Crédits : Université Northwestern

Il s’agit d’une grande avancée dans le domaine de l’orthopédie. Des chercheurs américains ont réussi la prouesse de concevoir une imprimante capable de produire des os sur mesure, synthétiques et flexibles. Côté applications, l’intérêt est bien présent : réparer des fractures et poser des implants dentaires.

Ce processus est très intéressant au niveau des perspectives espérées, et ce, pour un coût peu élevé. Ce qui représente une sacrée avancée en matière d’orthopédie est le fruit du travail de Ramille Shah de son équipe de chercheurs de l’Université Northwestern (état de l’Illinois) dont les travaux ont été publiés dans la revue Science Translational Medicine.

« À la différence des autres greffes osseuses synthétiques existantes, ce nouveau matériau est à la fois élastique et très solide. Il peut aussi être découpé facilement », déclare la chercheuse dans un communiqué.

Rien qu’en France, près d’un million de personnes sont victimes de fractures chaque année.
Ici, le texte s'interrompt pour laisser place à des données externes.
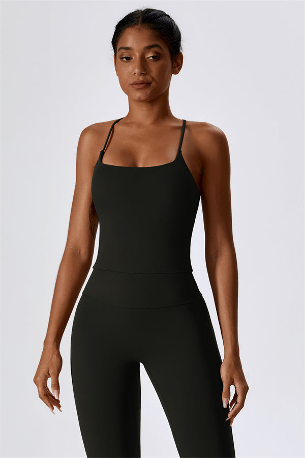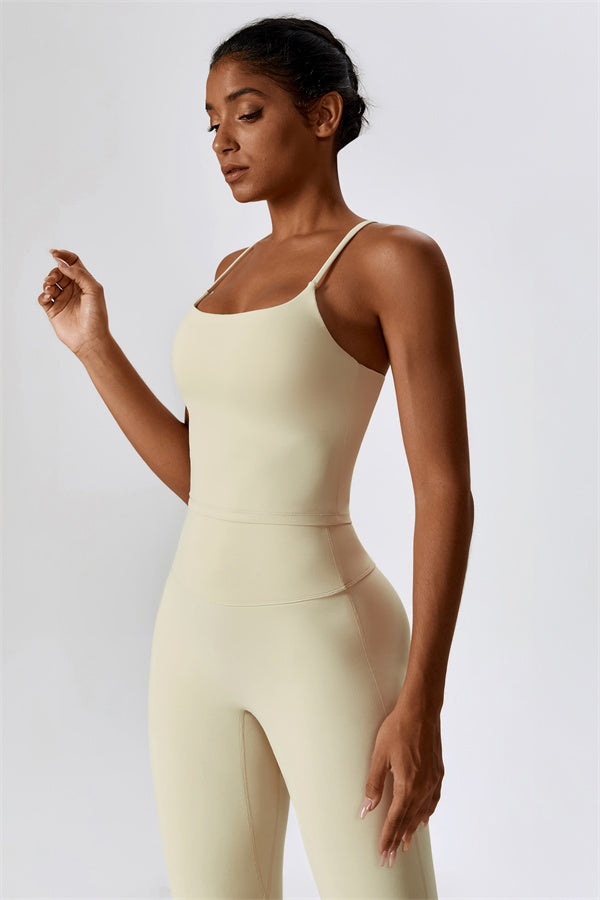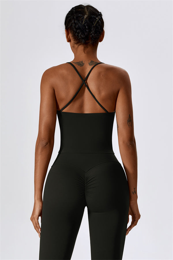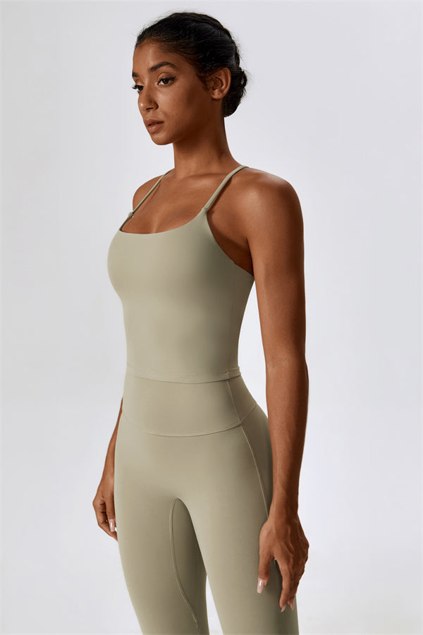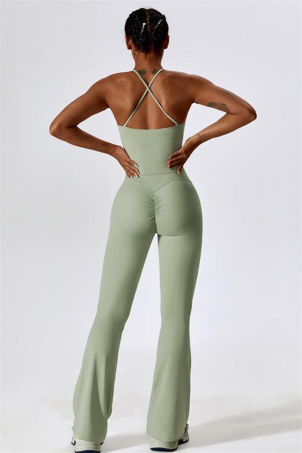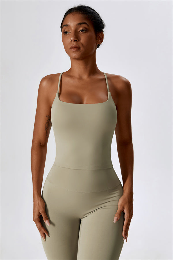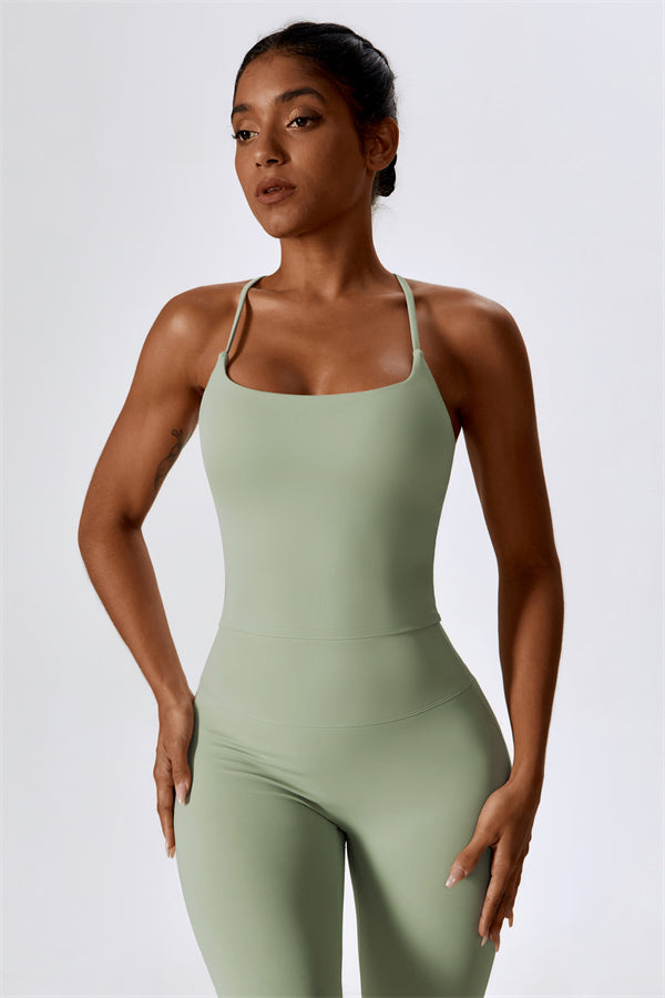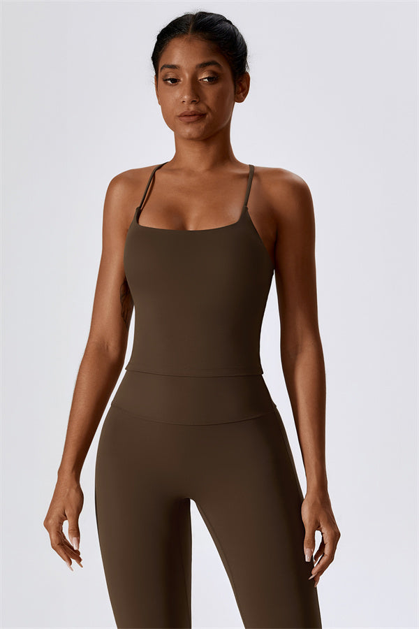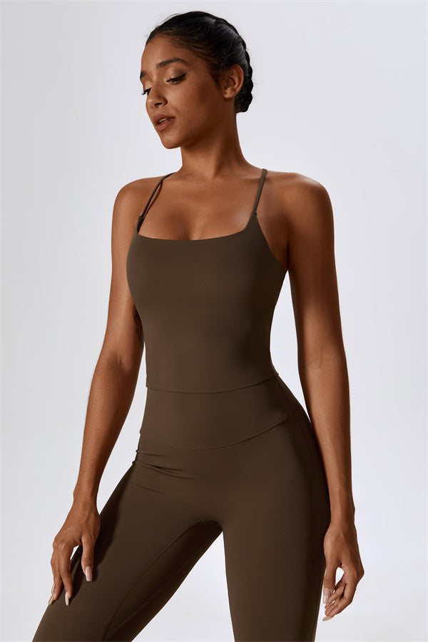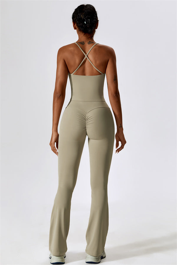 Questo set coordinato, che include un top corto e leggings, combina comfort, stile e prestazioni per l'ensemble perfetto per l'allenamento. Il top corto presenta un orlo allungato per un effetto di controllo della pancia confortevole e delicato, e le spalline incrociate mettono in risalto magnificamente la tua schiena. I leggings sono progettati con una silhouette a campana che valorizza la forma delle tue gambe, mentre il design scolpito sul retro enfatizza le tue curve naturali, creando una silhouette liscia e morbida.

Bien que dans 90 % des cas ces fractures se consolident sans complications, 10 % restant font l’objet d’une attention toute particulière lorsque la pose d’un plâtre n’est pas suffisante.

En effet, des scientifiques planchent depuis des années sur des solutions performantes. En 2008, des chercheurs britanniques avaient réussi à fabriquer une sorte de pâte injectable capable de se transformer en tissu osseux et consolider une fracture. Cependant, les chercheurs américains ont réellement fait mieux avec cet os hyperélastique sur mesure imprimable en 3D. Ce dernier est destiné à remplacer la portion manquante et à régénérer le tissu détérioré.

(Crédit image : Université Northwestern)

« Le temps de fabrication d’un implant sur mesure pour un patient pourrait être de seulement vingt-quatre heures. Cela pourrait bouleverser la chirurgie cranofaciale et orthopédique et je l’espère, améliorer les résultats sur les patients », indique Ramille Shah.

Les tests pratiqués sur des macaques ont permis d’affiner la technique et d’optimiser les temps de fabrication et aucun risque de rejet n’a été observé. Côté composition, l’os aurait presque les mêmes caractéristiques que l’os humain. Il est en effet composé de poudre hydroxyapatite, de dentine et même d’os humain ! Dernier élément du cocktail : le polycaprolactone, un polymère biocompatible et biodégradable permettant la flexibilité évoquée. Prévue pour l’orthopédie, cette solution sera également utilisée en dentisterie.